Outras doenças do trato gastrointestinal podem estar associadas com a obesidade, como por exemplo o refluxo gastroesofágico esteato-hepatite e câncer coloretal, aumentando ainda mais a morbidade desses pacientes.

Obesidade Mórbida Grau III e Câncer

A Obesidade tem sido associada a um elevado risco para diferentes tipo de câncer. Em mulheres o câncer de mama e de endométrio estão entre as neoplasias malignas mais encontradas associadas à Obesidade. O câncer de mama é o mais comum entre as mulheres e o aumento do índice de massa corpórea, especialmente após a menopausa é um fator de risco para esta doença.

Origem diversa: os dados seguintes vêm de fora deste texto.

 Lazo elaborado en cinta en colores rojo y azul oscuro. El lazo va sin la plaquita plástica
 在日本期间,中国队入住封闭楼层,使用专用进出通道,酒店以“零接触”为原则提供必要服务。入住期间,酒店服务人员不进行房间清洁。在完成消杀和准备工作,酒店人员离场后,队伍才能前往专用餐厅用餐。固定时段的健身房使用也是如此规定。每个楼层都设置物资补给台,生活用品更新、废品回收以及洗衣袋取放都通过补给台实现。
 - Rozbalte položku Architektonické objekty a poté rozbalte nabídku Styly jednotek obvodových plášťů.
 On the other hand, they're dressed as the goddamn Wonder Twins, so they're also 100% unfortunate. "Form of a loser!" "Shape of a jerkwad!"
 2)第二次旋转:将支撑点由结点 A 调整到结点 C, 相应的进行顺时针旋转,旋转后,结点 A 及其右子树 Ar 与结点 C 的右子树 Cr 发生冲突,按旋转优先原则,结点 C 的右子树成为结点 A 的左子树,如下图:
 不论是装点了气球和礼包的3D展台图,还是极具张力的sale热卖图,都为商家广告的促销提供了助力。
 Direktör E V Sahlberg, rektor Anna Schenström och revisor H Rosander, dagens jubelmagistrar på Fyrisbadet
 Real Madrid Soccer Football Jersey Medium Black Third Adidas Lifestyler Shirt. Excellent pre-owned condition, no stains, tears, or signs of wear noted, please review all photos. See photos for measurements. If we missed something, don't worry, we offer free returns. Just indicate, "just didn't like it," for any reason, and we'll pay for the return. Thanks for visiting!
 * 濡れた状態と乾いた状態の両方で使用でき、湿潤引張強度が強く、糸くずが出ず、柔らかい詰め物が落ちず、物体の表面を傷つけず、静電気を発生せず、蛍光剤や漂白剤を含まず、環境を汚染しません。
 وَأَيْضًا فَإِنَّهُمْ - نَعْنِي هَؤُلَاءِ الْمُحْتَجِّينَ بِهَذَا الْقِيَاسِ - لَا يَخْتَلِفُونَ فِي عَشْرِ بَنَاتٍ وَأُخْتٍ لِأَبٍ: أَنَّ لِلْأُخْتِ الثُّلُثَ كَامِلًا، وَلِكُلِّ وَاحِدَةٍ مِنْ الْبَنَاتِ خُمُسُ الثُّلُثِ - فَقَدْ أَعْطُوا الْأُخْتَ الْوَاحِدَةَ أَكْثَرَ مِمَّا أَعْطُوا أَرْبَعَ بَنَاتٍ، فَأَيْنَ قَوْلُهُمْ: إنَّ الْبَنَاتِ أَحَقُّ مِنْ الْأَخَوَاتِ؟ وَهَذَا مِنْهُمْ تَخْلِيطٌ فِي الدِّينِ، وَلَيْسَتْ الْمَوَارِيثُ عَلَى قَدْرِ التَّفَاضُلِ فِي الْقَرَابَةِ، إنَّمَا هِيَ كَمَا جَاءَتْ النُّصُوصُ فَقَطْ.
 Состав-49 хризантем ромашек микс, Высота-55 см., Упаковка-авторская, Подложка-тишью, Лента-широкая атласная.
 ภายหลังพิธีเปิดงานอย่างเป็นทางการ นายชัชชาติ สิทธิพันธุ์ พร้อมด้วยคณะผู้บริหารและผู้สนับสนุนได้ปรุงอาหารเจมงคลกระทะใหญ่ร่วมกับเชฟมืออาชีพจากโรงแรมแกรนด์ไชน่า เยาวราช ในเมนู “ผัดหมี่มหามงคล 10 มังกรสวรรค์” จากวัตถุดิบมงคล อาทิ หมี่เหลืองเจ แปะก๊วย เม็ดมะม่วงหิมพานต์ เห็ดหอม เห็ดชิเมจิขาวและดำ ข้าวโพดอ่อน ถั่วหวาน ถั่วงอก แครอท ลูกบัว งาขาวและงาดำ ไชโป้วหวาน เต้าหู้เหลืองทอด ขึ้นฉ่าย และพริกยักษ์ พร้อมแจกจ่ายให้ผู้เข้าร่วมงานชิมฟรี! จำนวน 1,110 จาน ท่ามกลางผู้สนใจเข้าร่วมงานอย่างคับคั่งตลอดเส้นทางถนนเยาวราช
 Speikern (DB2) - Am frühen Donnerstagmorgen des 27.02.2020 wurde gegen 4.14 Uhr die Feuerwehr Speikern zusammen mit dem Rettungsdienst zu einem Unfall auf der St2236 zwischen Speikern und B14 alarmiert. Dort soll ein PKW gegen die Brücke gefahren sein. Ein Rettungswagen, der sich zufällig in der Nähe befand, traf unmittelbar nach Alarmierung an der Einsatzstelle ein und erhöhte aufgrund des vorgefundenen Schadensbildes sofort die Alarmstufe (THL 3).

O câncer do endométrio também é freqüente acometendo 20% das mulheres que tem sangramento após a menopausa. O câncer coloretal associa-se à ingestão excessiva de ácidos graxos (gorduras) de origem animal e ingestão deficiente de frutas e verduras, ricas em betacaroteno e anti-oxidante. Um estudo entre a relação do peso corporal com incidência de câncer demonstrou que o câncer de cólon foi mais freqüente na Europa.

Obesidade Mórbida Grau II e III e Apnéia do Sono

A Síndrome da apnéia obstrutiva do sono (SAOS) é uma doença crônica e progressiva e em obesos mórbidos a sua incidência ultrapassa 50%. A causa provável da obstrução intermitente das vias aéreas superiores consiste na combinação da constituição física do obeso com relaxamento da musculatura faringeana, induzido pelo sono.

Obesidade Mórbida Grau III e Artropatias

A Obesidade Mórbida é um dos fatores predisponentes para desenvolvimento da osteoartrite. Quanto mais o índice de obesidade, maior a prevalência de osteoartrite, sendo o joelho a articulação mais afetada.